Iconiq Funds, the asset management arm of Germany-based Iconiq Holding — the team behind the ICO and token sale accelerator program Iconiq Lab — is launching a series of digital asset index funds beginning in Q4 2018, the company announced on Aug. 17, 2018. Investment into crypto assets will become available through traditional and regulated financial vehicles, such as exchange-traded funds (ETFs) and exchange-traded notes (ETNs).

The first digital asset index fund is planned to be launched under Maltese jurisdiction as a Professional Investor Fund (PIF). It is currently under review by Malta Financial Services Authority (MFSA).

The company claims the “diversified exposure to the digital assets market” as a key selling point for this new series of instruments. An investment fund essentially hides the intricacies of crypto assets from its participant, offering participation in a selected group of tokens. An investor expects that, even if some tokens of the group won’t perform well, the growth of others will compensate for it.

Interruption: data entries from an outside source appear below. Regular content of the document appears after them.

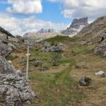 Im leichten Bergab wandert man nun unterhalb des heiß umkämpften Hexenstein (ital.: Sasso di Stria, ladinisch: Sass de Stria) und mit Blick auf den Monte Averau (2649 m) auf einem gut ausgebauten Pfad durch die karge Dolomitenlandschaft. Der Weg weist keine Schwierigkeit auf, gutes Schuhwerk ist aber unerlässlich. Selbst im Juli kann man vereinzelt noch auf Schneefelder treffen. Man kommt an alten Kriegsstellungen vorbei und hält sich danach eher links.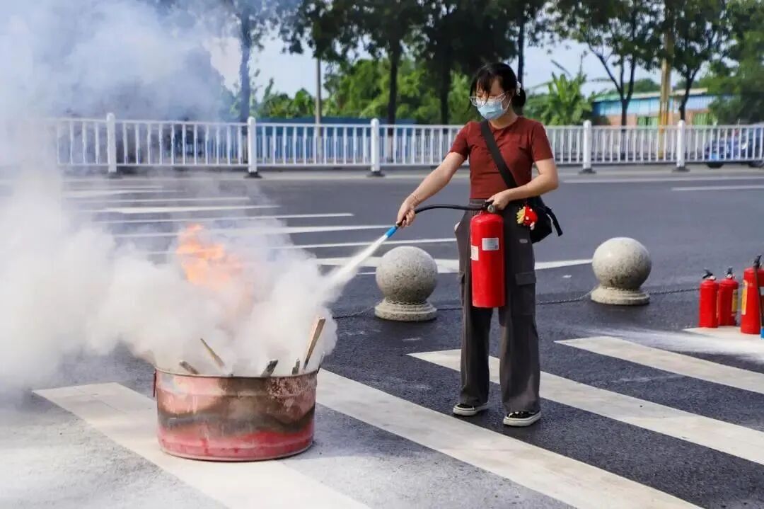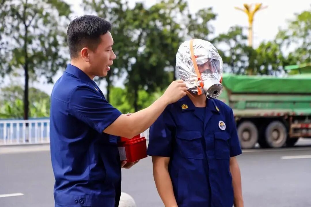 在实战演练环节,消防员“手把手”教学消防逃生面具、灭火器的使用等技能。参训人员亲身实践,轮流体验灭火器的"提、拔、握、压"四步法,实现理论知识向实战能力转化,让消防安全技能真正入脑、上手、管用。
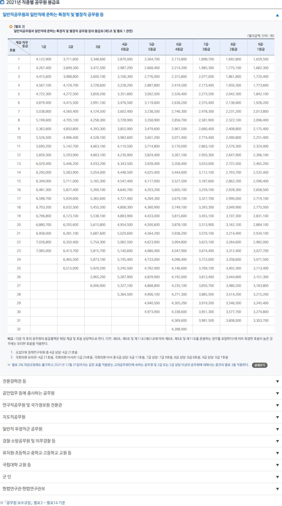 해당 영역에서 가장 상단에 있는 일반직 공무원과 일반직에 준하는 특정 직 및 별 정직 공무원 등이라는 메뉴를 클릭해 주시면 됩니다. 이외에도 다양한 공무원 직종별로 정보를 확인 할 수 있기 때문에 만약 9급 공무원 이외에 다른 봉급표를 확인하고 싶은 정보도 확인 할 수 있습니다.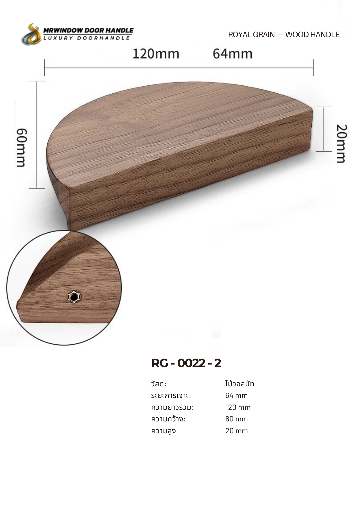 มือจับไม้วอลนัทแท้ ลายไม้ธรรมชาติสวยงาม
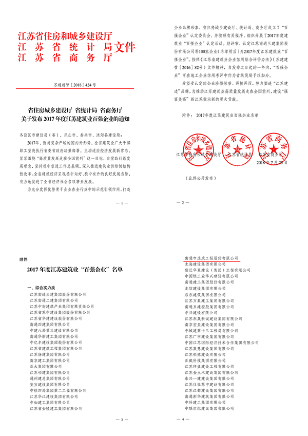 江蘇建筑業(yè)“百強企業(yè)”是由省建設廳、省統(tǒng)計局、省商務廳成立的“百強企業(yè)”認定委員會評議認定,從企業(yè)營業(yè)額等經(jīng)濟類指標、質量安全、技術創(chuàng)新指標等方面進行綜合評定,旨在充分發(fā)揮優(yōu)勢企業(yè)在全行業(yè)中的引領和示范作用,打造建筑企業(yè)品牌,提升核心競爭力,是權威性的政府評選。同時按照《江蘇省建筑業(yè)企業(yè)信用綜合評價辦法》(蘇建建管〔2016〕82號)文件精神,自發(fā)布之日起的一年內(nèi),“百強企業(yè)”可在施工企業(yè)信用考評中作為省級獎勵予以加分。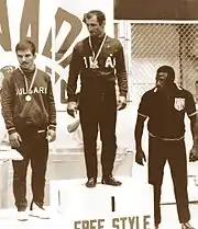 Medal winners of freestyle 68 kg. From left to right, Ismail Yuseinov, Abdollah Movahed and Bobby Douglas

Iconiq Funds says the company will offer its financial products under the supervision of a governmental watchdog — such as MFSA for Malta. The team explains that, for many conservative investors, the lack of regulatory oversight was a key reason to avoid exposure to crypto assets.  

Maximilian Lautenschläger, Iconiq Holding’s managing partner, believes that such investment vehicles could help bring new capital to the crypto industry from the traditional financial markets. “Iconiq’s aim is to make ICOs and crypto investments accessible to institutional investors, family offices and retail investors. Only through such regulated vehicles can we open the doors for the trillions of capital from institutional markets to enter crypto.” Lautenschläger said, according to the announcement.

Later, Iconiq Funds also plans to offer other financial products suited for traditional investors’ demands, such as crypto index exchange-traded funds (ETFs) and notes (ETNs) in 2019.

Digital asset management token

The company says that Iconiq Funds is not merely a traditional asset management firm that started trading in crypto. It is, rather, a part of a larger, community-driven ecosystem that Iconiq Holding has built around its own token, ICNQ — initially released by Iconiq Lab. The ICNQ token functions as a “decentralized VC club membership instrument.” According to Iconiq Funds, its holders receive access to presales of companies graduating Iconiq Lab’s token sale accelerator program. It can also be used as a voucher instrument for payments within the asset management ecosystem created by Iconiq.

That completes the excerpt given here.